• Exercise prompt
Only the lines from the one that contains "I'll begin by" through the end of the entries, both included, should be transcribed, exactly and without pictures.

• Data shown

──────

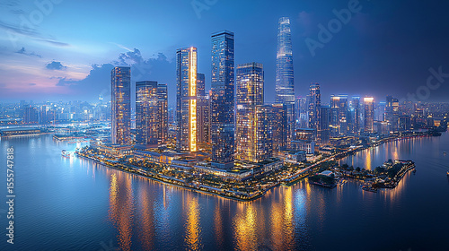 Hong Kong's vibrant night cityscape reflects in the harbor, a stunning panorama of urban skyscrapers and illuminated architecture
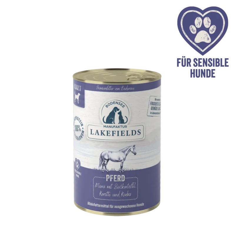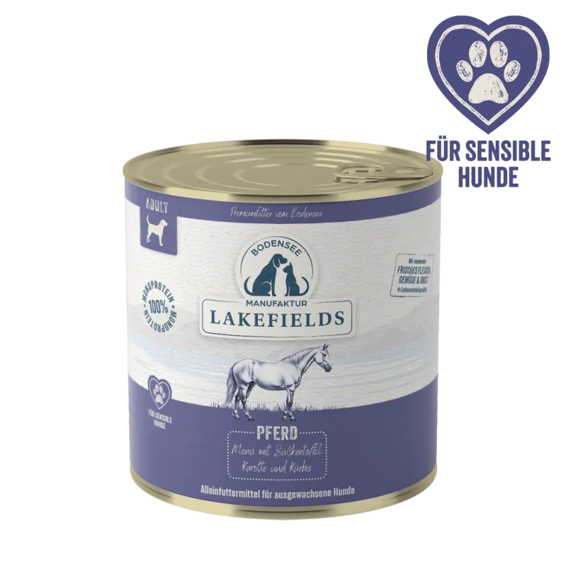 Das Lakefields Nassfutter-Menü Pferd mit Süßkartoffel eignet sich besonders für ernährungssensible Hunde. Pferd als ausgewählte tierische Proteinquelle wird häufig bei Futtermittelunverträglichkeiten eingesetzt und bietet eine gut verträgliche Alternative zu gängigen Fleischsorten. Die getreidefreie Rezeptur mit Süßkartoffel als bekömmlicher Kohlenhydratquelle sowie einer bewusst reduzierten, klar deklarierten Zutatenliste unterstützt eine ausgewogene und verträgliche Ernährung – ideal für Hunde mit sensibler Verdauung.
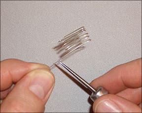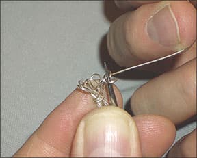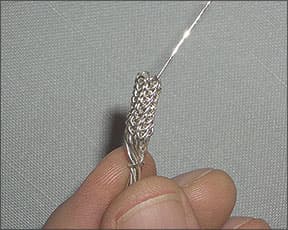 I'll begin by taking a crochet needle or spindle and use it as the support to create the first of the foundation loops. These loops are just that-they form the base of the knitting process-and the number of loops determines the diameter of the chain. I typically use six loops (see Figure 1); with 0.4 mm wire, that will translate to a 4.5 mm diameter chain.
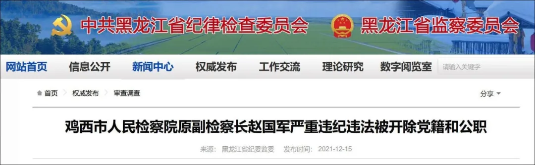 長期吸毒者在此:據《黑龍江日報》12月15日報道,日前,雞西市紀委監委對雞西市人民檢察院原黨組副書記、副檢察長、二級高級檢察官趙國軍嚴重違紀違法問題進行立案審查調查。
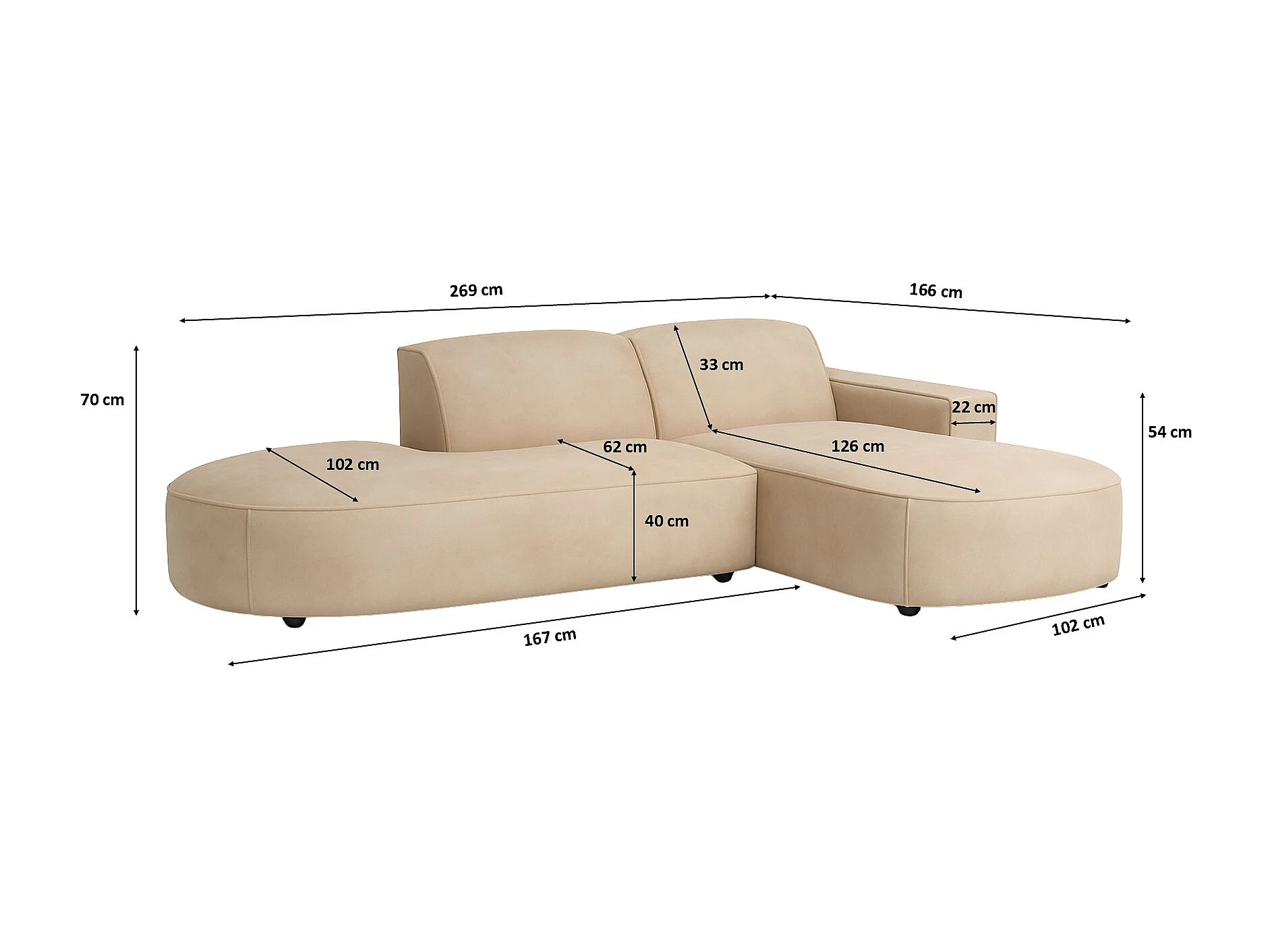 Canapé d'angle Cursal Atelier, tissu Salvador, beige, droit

──────

• Written answer
 I'll begin by taking a crochet needle or spindle and use it as the support to create the first of the foundation loops. These loops are just that-they form the base of the knitting process-and the number of loops determines the diameter of the chain. I typically use six loops (see Figure 1); with 0.4 mm wire, that will translate to a 4.5 mm diameter chain.
 長期吸毒者在此:據《黑龍江日報》12月15日報道,日前,雞西市紀委監委對雞西市人民檢察院原黨組副書記、副檢察長、二級高級檢察官趙國軍嚴重違紀違法問題進行立案審查調查。
 Canapé d'angle Cursal Atelier, tissu Salvador, beige, droit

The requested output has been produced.